== Data provided
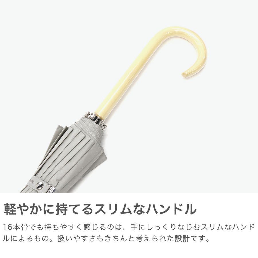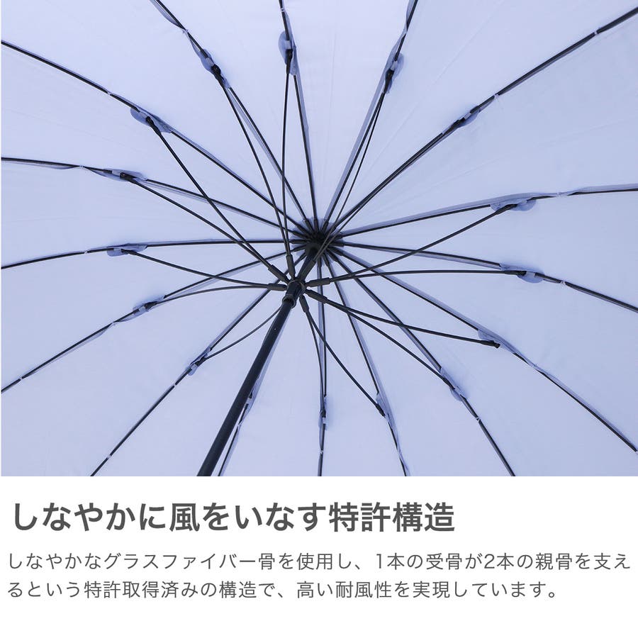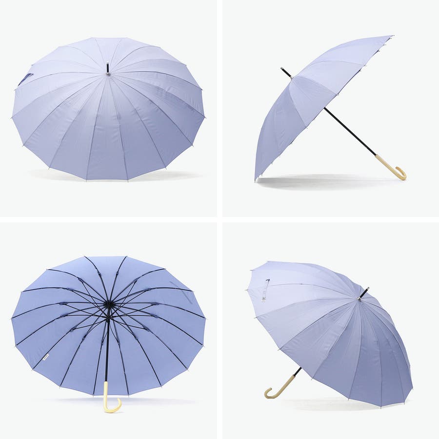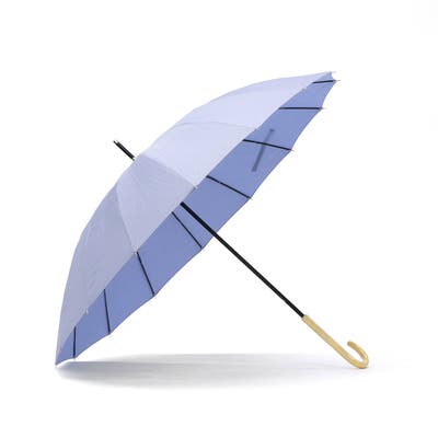 雨の日も、晴れの日も日々の暮らしの中で、頼れるアイテムを揃えた『umbulatio』の長傘「16K花びらき」。しなやかなグラスファイバー骨を使用し、1本の受骨が2本の親骨を支えることで高い耐風性を実現!!(意匠・特許取得済)。16本骨のシルエットが美しい、まるで花が咲くような可憐なデザインとなっています。
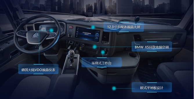 车辆采用乘用级奢华内饰,环绕式工作台、航空座椅、萨克斯125mm大直径四气囊减震系统,长时间驾驶不易疲劳;舒适自动挡,无忧智能换挡,解放司机右手和左脚;德国大陆VDO液晶仪表、BMW-X5同款恒温空调,堪比豪华轿车体验;欧式平地板设计、超宽卧铺、超大储物空间,多项人性化配置打造舒适“移动之家”,贴心舒适一路相伴。
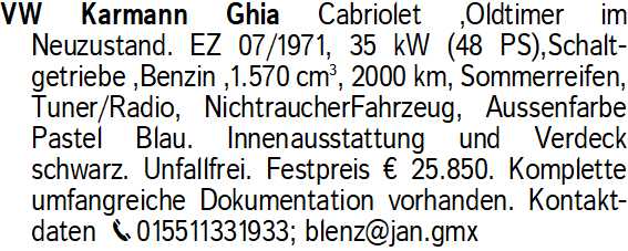 Anzeigentitel: VW Karmann Ghia Cabriolet ,Old
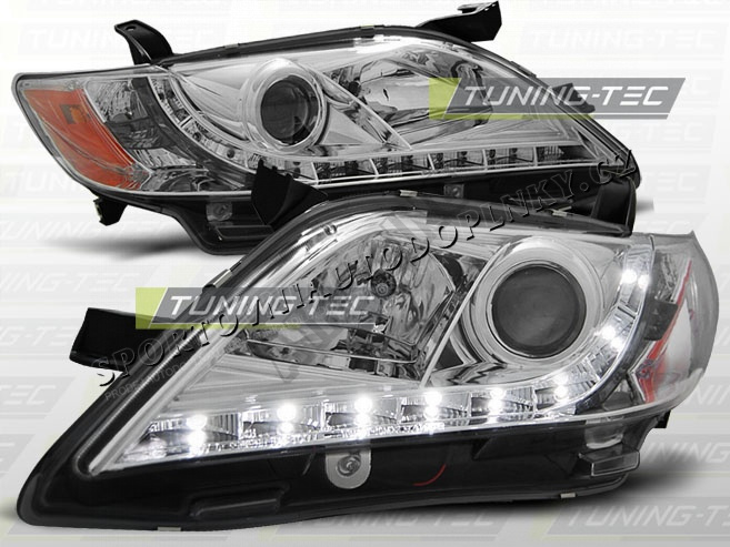 TOYOTA CAMRY 6 XV40 2006-09 PŘEDNÍ ČÍRÁ SVĚTLA DAYLIGHT LED CHROME
====
-- About this task --
Wherever the listing shows a picture, omit it and output the rest exactly as given.

-- Solution to this problem --
 雨の日も、晴れの日も日々の暮らしの中で、頼れるアイテムを揃えた『umbulatio』の長傘「16K花びらき」。しなやかなグラスファイバー骨を使用し、1本の受骨が2本の親骨を支えることで高い耐風性を実現!!(意匠・特許取得済)。16本骨のシルエットが美しい、まるで花が咲くような可憐なデザインとなっています。
 车辆采用乘用级奢华内饰,环绕式工作台、航空座椅、萨克斯125mm大直径四气囊减震系统,长时间驾驶不易疲劳;舒适自动挡,无忧智能换挡,解放司机右手和左脚;德国大陆VDO液晶仪表、BMW-X5同款恒温空调,堪比豪华轿车体验;欧式平地板设计、超宽卧铺、超大储物空间,多项人性化配置打造舒适“移动之家”,贴心舒适一路相伴。
 Anzeigentitel: VW Karmann Ghia Cabriolet ,Old
 TOYOTA CAMRY 6 XV40 2006-09 PŘEDNÍ ČÍRÁ SVĚTLA DAYLIGHT LED CHROME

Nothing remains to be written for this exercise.